En revanche, ce n’est pas automatiquement le meilleur choix pour tous les trajets. Si votre parcours est très urbain, très haché ou très court, un bon VAE 25 km/h peut rester plus simple et presque aussi efficace. Le bon réflexe consiste donc à partir de votre trajet réel : distance, interruptions, relief, stationnement, confort avec le trafic et acceptation des règles suisses. C’est seulement à partir de là qu’on peut dire si le speed bike est, oui ou non, le meilleur choix pour aller travailler.
FAQ finale
Pour quelle distance un speed bike est-il idéal ?
Le cœur d’usage le plus logique se situe souvent autour de 10 à 20 km par trajet, avec un intérêt qui peut rester très fort jusqu’à 20 à 30 km si l’itinéraire est roulant et régulier.
Un speed bike est-il vraiment plus rapide qu’un VAE classique ?

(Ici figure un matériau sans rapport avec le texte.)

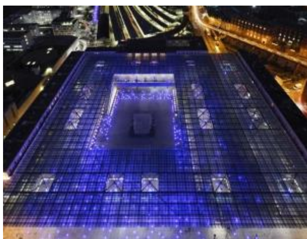
Amiens, place Alphonse Ficquet

Dans le cadre des premiers Trophées de l'éclairage innovant AFE/ID Efficience Territoriale, remis le mardi 13 septembre dernier à Lyon lors des Journées nationales de la lumière de l'Association française de l'éclairage (AFE), trois collectivités ont été distinguées pour leurs pratiques innovantes et exemplaires en matière d'éclairage. Près de 50 maîtres d'ouvrage publics et privés avaient fait acte de candidature, avec des réalisations innovantes allant d'une nouvelle philosophie de l'éclairage en passant par les LED, la fibre optique ou encore le solaire. Dans la catégorie éclairage intérieur : la salle des conférences « Jean Michel » de la CCI du Doubs a été distinguée pour une réalisation d'éclairage dynamique. Dans la catégorie éclairage public, c'est la ville de Lille qui a reçu un prix pour la réalisation d'éclairage visant à redynamiser une rue commerçante (rue Léon Gambetta). Enfin, dans la catégorie mise en valeur du patrimoine, c'est Amiens Métropole qui a gagné avec la mise en lumière dynamique de la place Alphonse Ficquet.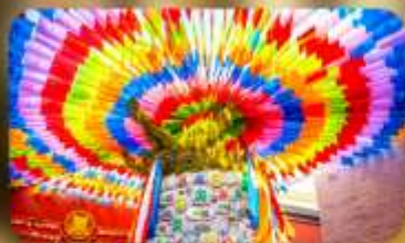
วัดลามะกว้างเหริน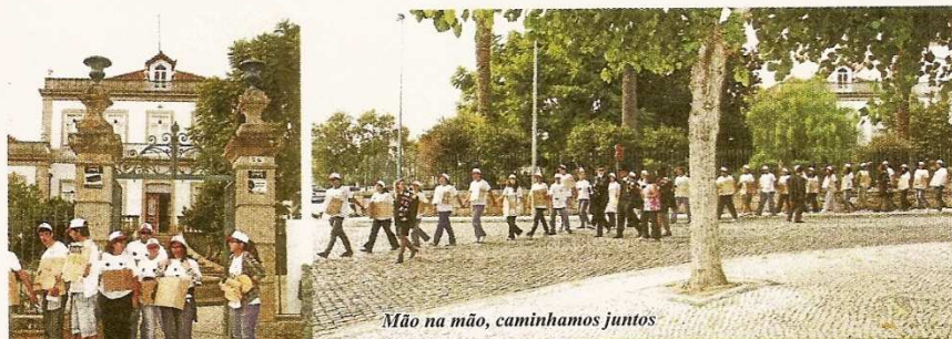
Mão na mão, caminhamos juntos

Foi na tarde do passado dia 14 de Outubro que a Comissão das Praxes da Escola Superior de Gestão de Idanha-a-Nova conduziu os novos alunos – os “Caloiros” – em romagem, a pé, desde as portas da sua Escola até ao Santuário de Nossa Senhora do Almortão, num percurso de sete quilómetros. Trata-se de uma tradição académica, iniciada pelos primeiros alunos desta Escola, como meio de inserir os novos alunos no ambiente social, característico das gentes da Vila de Idanha-a-Nova. De facto, em boa hora surgiu a iniciativa que se tem revelado de uma receptividade preciosa por parte das muitas gerações de jovens que, ao mesmo tempo que procuram a sua formação académica na ESGIN, descobrem um ambiente amigável e rico de tradição, por parte da população da Vila. Por testemunhos abundantes dos próprios jovens, a Senhora do Almortão vai fazendo parte da sua vivência humana e espiritual, nos momentos de solidão, saudades da família e igualmente nas alegrias e êxitos de suas vidas.

Oui, sur les trajets assez fluides, parce qu’il assiste jusqu’à 45 km/h et permet de maintenir une vitesse moyenne plus élevée. En revanche, sur un trajet urbain très haché avec beaucoup d’arrêts, l’écart peut être bien plus faible.
Peut-on remplacer la voiture pour aller au travail ?
Oui, dans beaucoup de cas. Pour un pendulaire avec un trajet régulier et une distance adaptée, le speed bike peut devenir une vraie alternative à la voiture, surtout quand le trafic ou le stationnement posent problème.
Quel profil de pendulaire devrait choisir un speed bike ?
Le bon profil, c’est surtout quelqu’un qui fait un trajet régulier, un peu long, avec un itinéraire relativement direct, et qui veut une solution plus rapide qu’un VAE classique sans dépendre des bouchons ou des transports publics.
Quels trajets ne conviennent pas à un speed bike ?
Les trajets très courts en centre-ville, très interrompus, très lents ou fortement mélangés aux piétons sont souvent moins adaptés. Dans ce type d’environnement, un VAE 25 km/h peut parfois offrir un meilleur compromis.